2. Minimum age for admission to employment or work. In its previous comments, the Committee had noted that the national legislation does not authorize light work. The Committee notes the Government’s statement that no provision is made in the Labour Act of 2004 for light work by children from 12 and above. The Committee reminds the Government that, upon ratifying the Convention, it declared 14 years to be the minimum age for admission to employment and that, by virtue of Article 2, paragraphs 1 and 4, of the Convention, children under 14 years are not allowed to work; the only derogation possible is for light work which may be carried out by children between the ages of 12 and 14 years under the conditions provided for by Article 7 of the Convention. The Committee once again observes that according to the 1999 Namibia Child Survey Activities, it appears that quite a number of children under 14 years are economically active in some way or the other. Noting that the relevant legislation does not regulate light work, the Committee requests the Government to take the necessary measures to ensure that no child under 14 years is admitted to perform work in practice.

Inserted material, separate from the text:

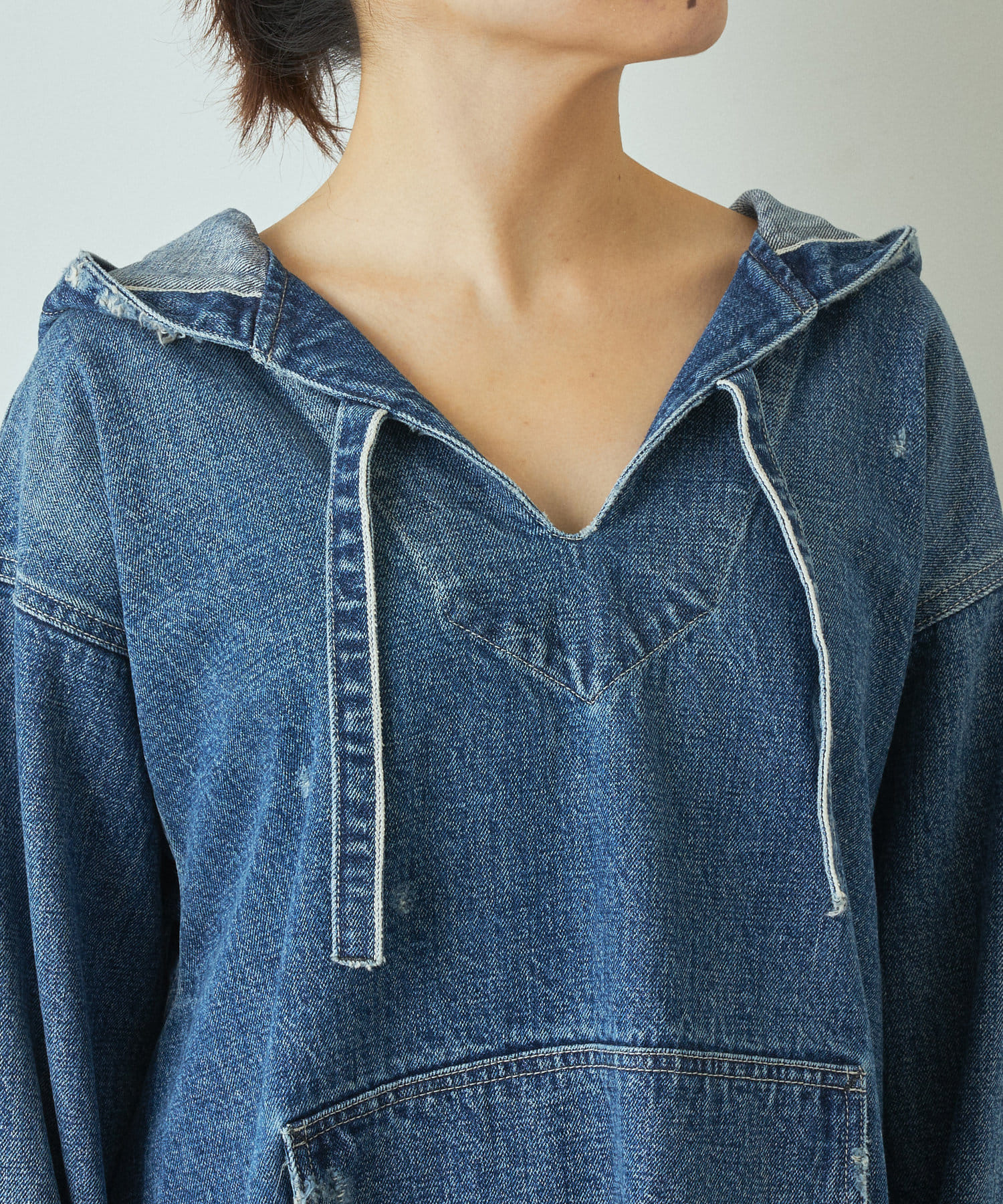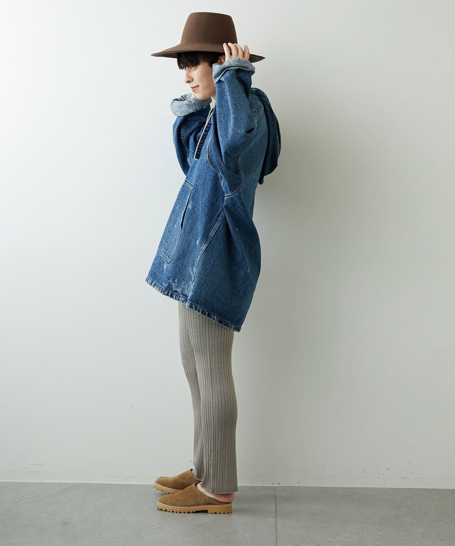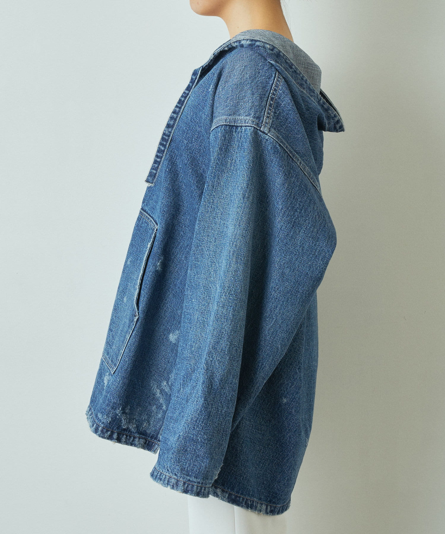 ありそうでなかったデニム素材のメキシカンパーカーは、一枚で様になる個性的なアイテムでありながら、馴染みのある素材感が合わせるボトムを選びにくく、大人の女性にもトライしていただきやすいアイテムです。

Article 3, paragraphs 1 and 2. Minimum age for admission to, and determination of, hazardous work. Following its previous comments, the Committee notes with interest that, by virtue of sections 3(3)(c)–(d) and 3(4)(a)(b) of the Labour Act of 2004, it is prohibited to employ children under 18 years of age in various types of hazardous work including: (i) work underground or in a mine; (ii) construction or demolition work; (iii) manufacture of goods; (iv) work related with the generation, transformation or distribution of energy; (v) work related with installing or dismantling machinery; (vi) any work-related activities which may place the child’s health, safety or physical, mental or spiritual, moral, social development at risk; (vii) night work.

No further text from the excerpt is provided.